I wasn't alone in my response – O'Donnell won over most every critic and reporter in the room as she entertainingly revealed the details of her new show. "It's going to be different from the old show in that when I was 33 I think the appeal of my program was there was an authentic, genuine appreciation of pop culture," she cheerfully explained. "I loved these people, like [Barbra] Streisand and Tom Cruise. The concept that I could meet them was really beyond my belief, and now I'm 50, and both of those people have stayed in my house, right? So the enthusiasm that I had for celebrities has changed. I have evolved and grown, and the show is going to be reflective of that."

"It's not going to be your average show where three celebrities come on promoting something [like] on Letterman and Regis and all those other shows," she continued. "It's gonna be one celebrity per show, and they're going to have something to talk about and want to come and play and have a fun kind of 60 minutes together, and there will be an upfront part, like your standard late night fare where I'll do my kind of comedy. I'm not a monologist. I will do what I do with refillable bits. We'll have some audience segments, and we're gonna end with a fun, refillable different game every time." (I may be overreacting here, but it looks as though "refillable" is going to become one of those strange words that only people in television use, like "wheelhouse," or "funny" as a noun. Wait for it.)

There were times during the panel when it was clear that the headline making O'Donnell still lurks beneath the newly calm and funny O'Donnell, as when one reporter asked if her activism on a number of issues might become a part of the new show.

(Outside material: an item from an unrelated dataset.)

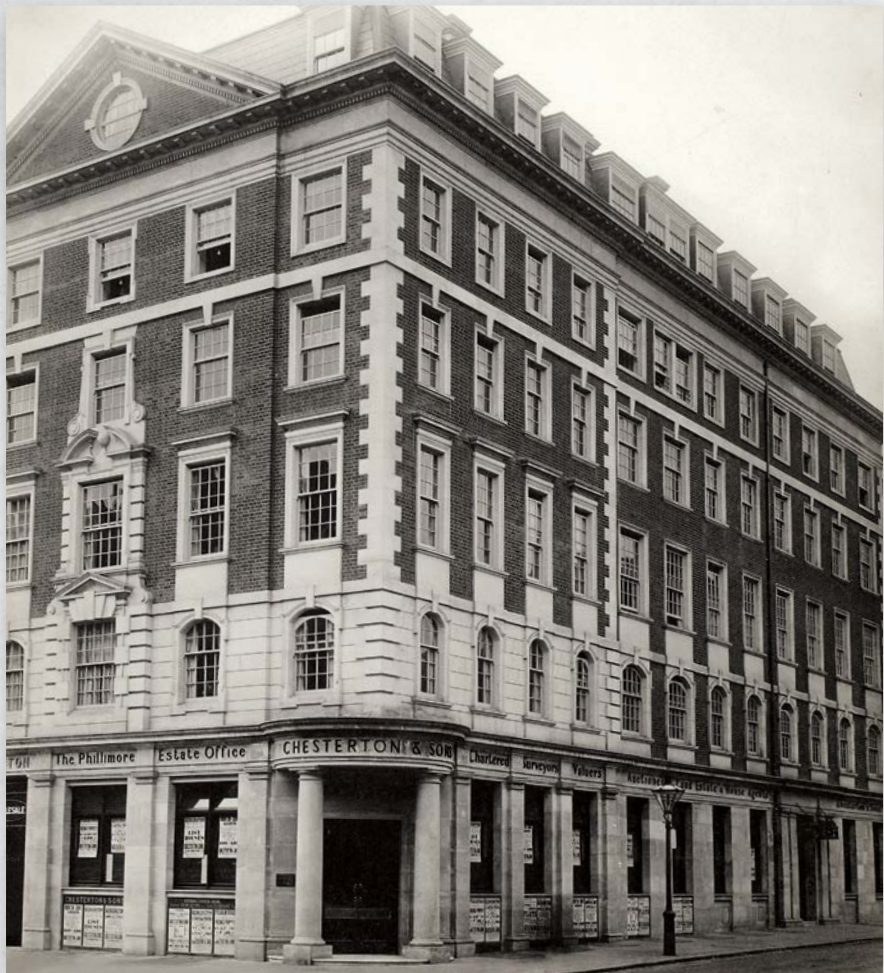
Chesterton & Sons office, Kensington High Street, 1924

"We're going to have a controversy segment," she answered with a straight face to a smattering of nervous laughter. "No, we're not," she continued, to a much louder response.

Then it was O'Donnell's turn to laugh. "Look at you all, [typing] 'Controversial segment. Send.'

"We're not," she repeated, with a caveat. "But … if we were on in the last few months, I'm sure that we would have had someone talking with me one day, perhaps, about the fascination with the Casey Anthony trial, because as a child advocate my whole life and career, I don't really understand why the media and the nation focused on this one child when there are many children killed and tortured every day. I don't know why this one became the kind of news driver that it did, and I would like to approach that from a sociological or an anthropological point of view as to why we, as a culture, consume media in the way we do. So we're not going to look for controversy, but should it be germane to what's happening in the world, I'm sure we will bring up current events.

"Not in a way like attacking Tom Selleck or anything, because when you've done that once, really…," O'Donnell joked again, this time referring to her on-air dust-up with Selleck about the issue of gun control, one of the unfortunate moments that brought her syndicated talk series to a sorry end.

O'Donnell did such an outsize job selling her series that some critics (myself included) felt she sold the entire network in the process. Regardless, her session was a big win for OWN. In a smart publicity strategy, she was introduced by Oprah Winfrey, the newly self-appointed CEO of OWN, who spoke briefly about upcoming plans for her network. Winfrey's was a surprise appearance -- the better to avoid a media feeding frenzy -- and a largely understated one. In that capacity I think Winfrey did a better job of defining and promoting her network than in her somewhat over-produced and over-long appearance at the January 2011 TCA tour.